Agility FinanceTech: Smarter Infrastructure & Technology Management for the New FS Organization. Sponsored by IBM.

Posted by Gary Rylander

Forrester just released a case study of Citibank's redesigned Account Opening process that highlights the fact that good Risk and Compliance practices, rather than being a hindrance to profitability can actually be very good for the bottom line. Starting from the dual requirements to improve their on-line account opening process and a desire to take maximum advantage of the 2001 passage of the ESIGN law that authorized the use of 'electronic signatures', Citi undertook a four year redesign project that resulted in a "30 day manual-intensive process that was transformed into a 10 minute, fully electronic, 'instant' process" and reduced account opening costs from $50.00 to $7.50.

Deposit bank account opening is governed by by a plethora of compliance requirements and buzz words, Bank Secrecy Act(BSA), Know Your Customer(KYC), Anti Money Laundering(AML), Patriot Act, Reg E, Reg DD, TISA disclosures, etc. Some of these requirements are anything but crystal clear, calling for banks to exercise risk based 'reasonableness'. Faced with this situation, many banking lawyers and compliance officers opted to directly carry over to the on-line world the same account opening procedures used in brick and mortar branches. Simply perusing some of the stories on bankersonline.com confirms this.

However, Citi's lawyers and compliance officers astutely read the laws and regulations then filtered them through their 'risk appetite' before deciding to make significant changes to their account opening procedures specifically tailored to the tools uniquely available to the on-line world:

Fist, Citi did away with the paper KYC documentation requirements, opting instead to use on-line questioning and entity resolution to verify identity.

Next, they eliminated a "wet ink" signature card, instead treating the new account like a credit card that must be authorized via an 800 number before being activated and using the initial signed check in lieu of of a typical signature card.

Finally, they decided to make all disclosures and the welcome kit electronic.

There is a great lesson here for both IT and compliance folks. Many regulations are subject to significant interpretation, especially in terms of how they can be operationalized. Very conservative interpretations may hinder the efficiency and profitability of the institution as well as negatively impact customer satisfaction. More creative interpretation, while still within the bounds of what is permissible, can often open the door to order of magnitude improvement. This was the case at Citi where their new process was followed by a 400% increase in on-line account openings bringing in more than $12 Billion in new deposits, but necessitated only a 38% increase in customer service staff.

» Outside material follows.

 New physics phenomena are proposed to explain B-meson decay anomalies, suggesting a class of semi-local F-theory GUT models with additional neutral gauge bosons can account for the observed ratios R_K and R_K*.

What is perhaps most confounding to IT and business people is that there is no simple book of rules to be applied. Apart from the variance in interpretation, what is appropriate for a bank with a clean bank examination record may not be appropriate for a bank which has failed elements of a recent bank exam or is laboring under adverse legal judgments or consent decrees.

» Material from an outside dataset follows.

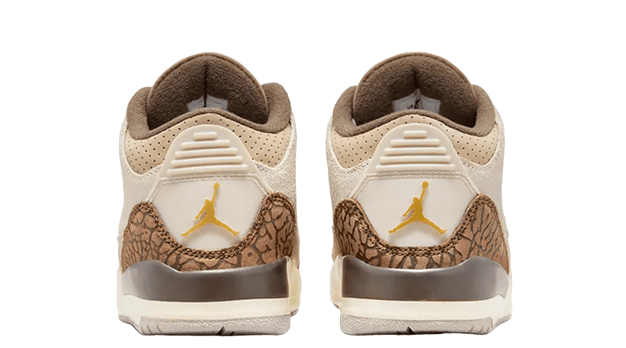 Moreover, the inclusion of metallic gold accents brings a sense of opulence. It also provides an appealing contrast to the overall aesthetic. The Air Jordan 3’s renowned silhouette is easily recognizable, characterized by its visible Air unit, distinctive elephant print embellishments, and the classic Jumpman logo adorning the tongue.

So, when faced with an opportunity to redesign your institution's operations that may be governed by law or regulation - which is essentially all aspects of Financial Services operations - do what IT and operations people at Citi did, bring a well documented case for both operational and regulatory change to the legal/compliance team based on research about varied interpretations and practices from around the industry. You may pleasantly surprised in the positive outcome.